(WORK TO COMPLETE) Would you retype the lines from the one that holds "Hoje, 04 de" to the final line of the entries below, both ends included and exactly as written, but without pictures?

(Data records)
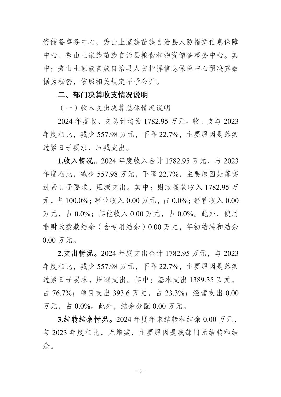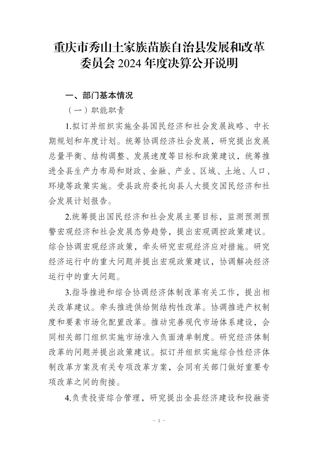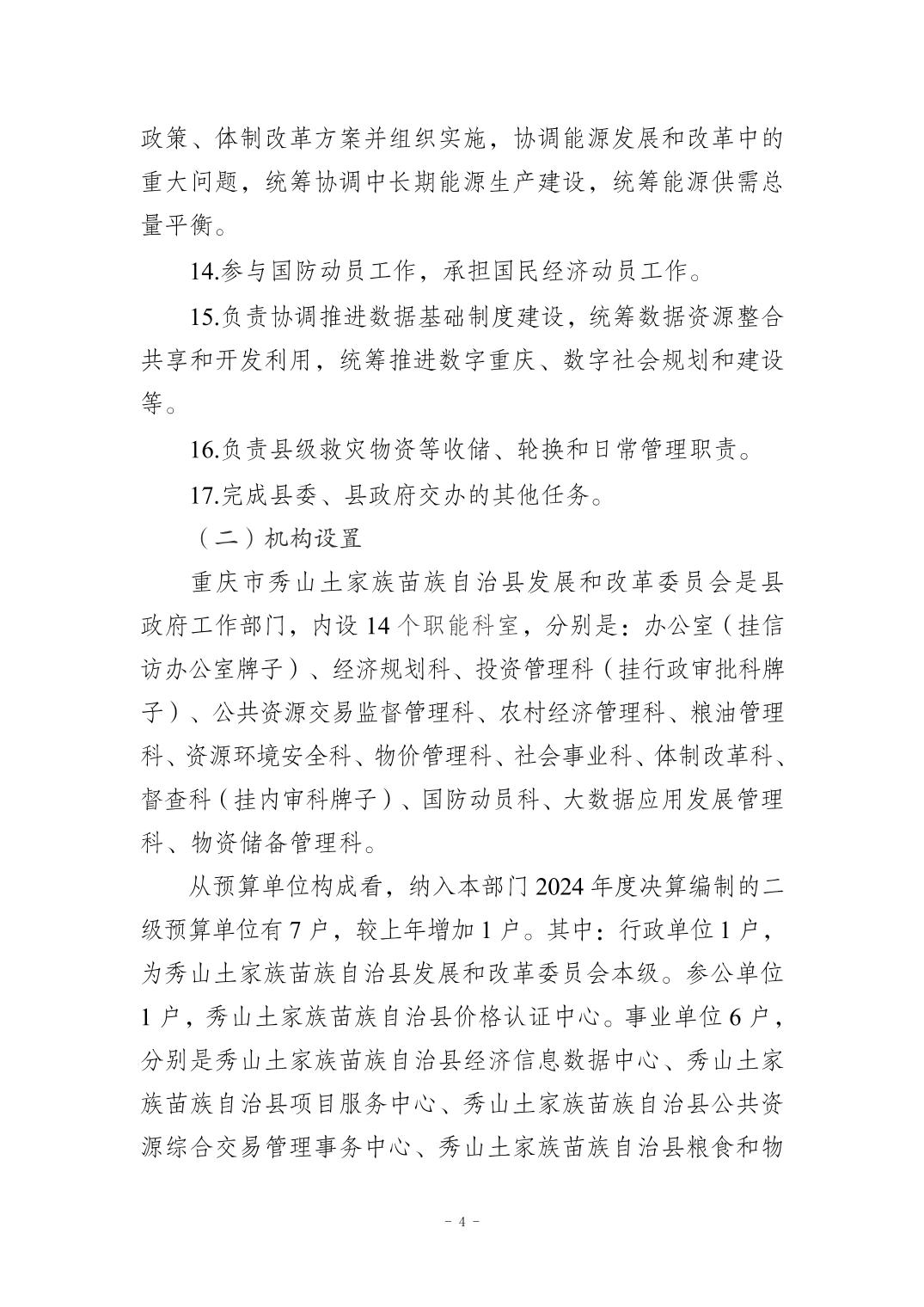 秀山土家族苗族自治县发展和改革委员会2024年度决算公开说明
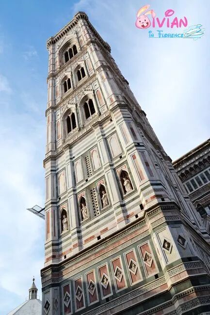 高达82米的钟楼是由乔托设计的。楼内有400多级台阶,可登高俯瞰全城。
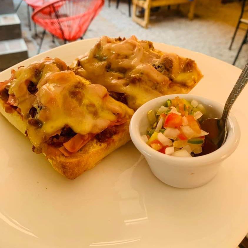 3 piezas de pan con frijoles quesos y tiras de jamon acompañado de pico de gallo
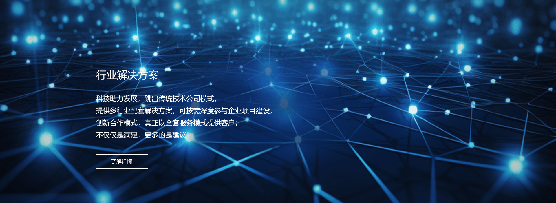科技助力發(fā)展,跳出傳統(tǒng)技術(shù)公司模式,提供多行業(yè)配套解決方案,可按需深度參與企業(yè)項(xiàng)目建設(shè),創(chuàng)新合作模式,真正以全套服務(wù)模式提供客戶;不僅僅是滿足,更多的是建議!
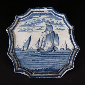DELFT, FRIESLAND. PLAQUE " VOILIERS ", XVIIIe siècle. Faïence décorée en camaïeu bleu de grand feu, scène de voiliers en bord de mer avec un phare, avec la date inscrite de 1788 dans le dessin et au verso.
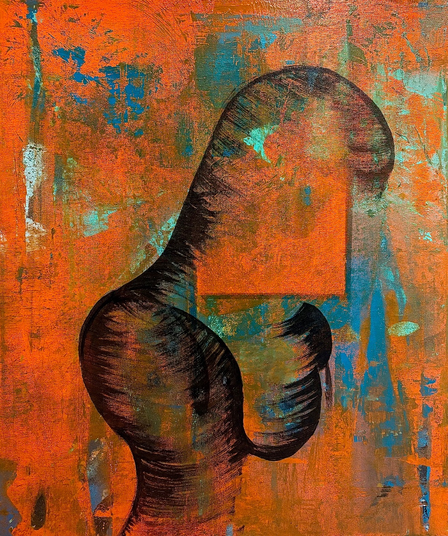 Autodidacte ayant débuté par l’écriture, j’ai développé au départ l’aspect graphique pour présenter le texte avant que ce dernier ne prenne le pas sur les mots. Mon travail est principalement une recherche autour de l’humain et plus particulièrement de la représentation de l’être dans le regard d’autrui. La dualité entre la reconnaissance et la connaissance de l’autre et de soi-même. L’absence de visage et la transparence des silhouettes sont pour moi le moyen de faire entrer le spectateur dans ces dernières et de se les approprier. J’aime laisser le champ libre à chacun de s’en raconter l’histoire, d’y projeter ses envies, ses rêves, ses peurs, ses révoltes… J’apprécie de varier les supports, cartons entoilés, plexiglass, béton ainsi que les médiums bombe, peinture, posca, collages … Mes influences sont multiples de Francis Bacon aux surréalistes en passant par le mouvement Dada et le Street-art. Je défends l’idée que l’art peut être aussi sacré qu’insignifiant mais qu’il n’en reste pas moins vital et essentiel à chacun.
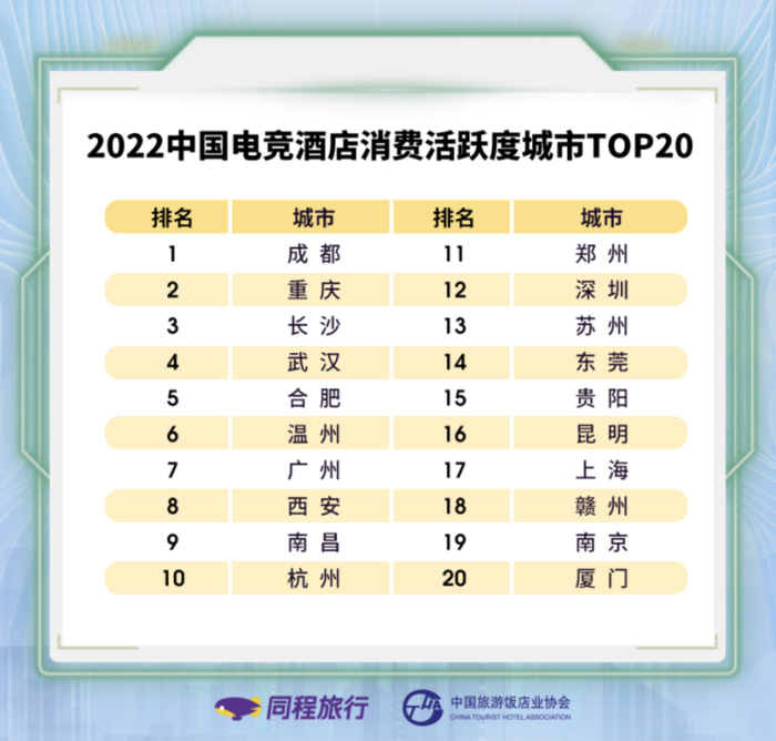 从具体城市来看,成都、重庆、长沙、武汉、合肥、温州、广州、西安、南昌、杭州等地的电竞酒店消费较为活跃。值得注意的是,电竞酒店消费最为活跃的前十个城市中,成都、重庆、长沙、武汉等新一线城市占了7席。
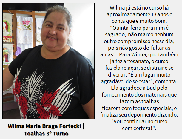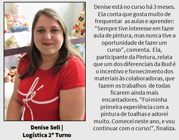 Hoje, 04 de dezembro, iniciou a exposição, no Restaurante da Bud S. A., dos belíssimos trabalhos realizados durante o ano pelo Clube de Mães da Bud. As colaboradoras Denise Sell, da Logística 2º Turno, e Wilma Maria Braga Fortecki, das Toalhas 3º turno, nos contam sobre suas experiências no curso. Confira os seus depoimentos e algumas fotos da linda exposição clicando aqui!
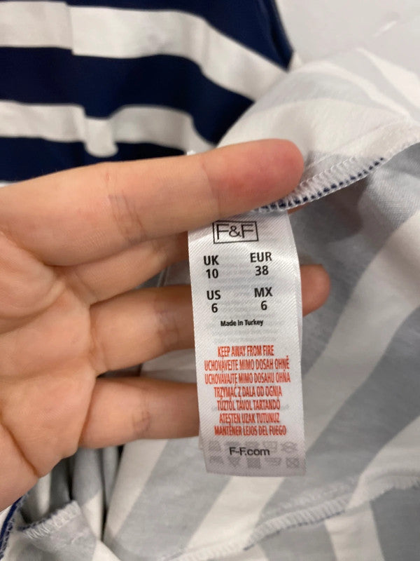 Fabulous F&F Navy Nautical Stripe Belted Mini Dress UK10 LM005, brand: F&F, condition: New with tags, size: 6 / S
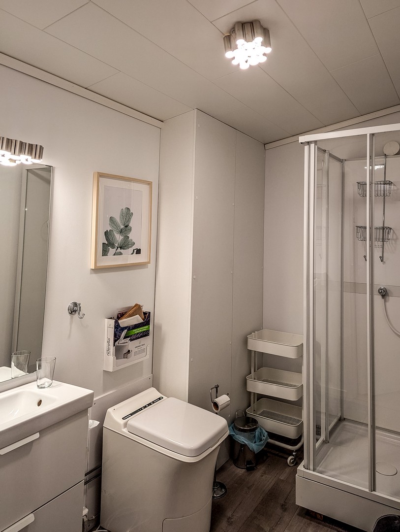 Cependant, il n’y a pas d’eau courante jusqu’à l’igloo. Les toilettes fonctionnent par incinération, un système qui s’avère finalement très simple à utiliser. Pour la douche et le lavabo, chaque unité dispose d’un réservoir, mais la quantité d’eau est limitée : juste assez pour une douche rapide (la douche du sauna, en revanche, n’est pas limitée). À l’extérieur de la cabine, sous l’igloo, un espace aménagé avec un réchaud permet de profiter du paysage sans se transformer en glaçon.
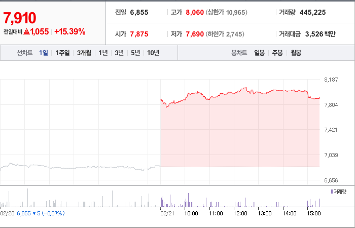 현재가: 7,910, 어제대비:+1,055시총: 396억원, 거래량:445,225, 거래대금:3,526백만

(SOLUTION)
 Hoje, 04 de dezembro, iniciou a exposição, no Restaurante da Bud S. A., dos belíssimos trabalhos realizados durante o ano pelo Clube de Mães da Bud. As colaboradoras Denise Sell, da Logística 2º Turno, e Wilma Maria Braga Fortecki, das Toalhas 3º turno, nos contam sobre suas experiências no curso. Confira os seus depoimentos e algumas fotos da linda exposição clicando aqui!
 Fabulous F&F Navy Nautical Stripe Belted Mini Dress UK10 LM005, brand: F&F, condition: New with tags, size: 6 / S
 Cependant, il n’y a pas d’eau courante jusqu’à l’igloo. Les toilettes fonctionnent par incinération, un système qui s’avère finalement très simple à utiliser. Pour la douche et le lavabo, chaque unité dispose d’un réservoir, mais la quantité d’eau est limitée : juste assez pour une douche rapide (la douche du sauna, en revanche, n’est pas limitée). À l’extérieur de la cabine, sous l’igloo, un espace aménagé avec un réchaud permet de profiter du paysage sans se transformer en glaçon.
 현재가: 7,910, 어제대비:+1,055시총: 396억원, 거래량:445,225, 거래대금:3,526백만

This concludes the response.